Private and public incentive to reduce seasonality: A theoretical model
Roberto Cellini and
Giuseppe Rizzo
No 2012-16, Economics Discussion Papers from Kiel Institute for the World Economy (IfW Kiel)
Abstract:
This paper presents a theoretical model to investigate the incentive of private producer and policymaker to reduce seasonality in a given market, where consumers derive different utilities from the consumption of the good in different seasons. The (seasonal) product differentiation is modelled along the lines of the contributions of Gabszewicz and Thisse (Price Competition, Quality and Income Disparities, 1979) and Shaked and Sutton (Relaxing Price Competition through Product Differentiation, 1982).
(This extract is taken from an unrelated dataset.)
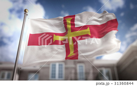 Guernsey Flag 3D Rendering on Blue Sky Building

The authors take into consideration that investments are possible to reduce the degree of seasonality. They show that, for a wide set of parameter configuration, the policy maker finds it optimal to make more effort to reduce seasonality as compared to private producers. The theoretical conclusion is consistent with empirical and anecdotical evidence, especially in the field of tourism markets.
Keywords: seasonality; tourism; public spending (search for similar items in EconPapers)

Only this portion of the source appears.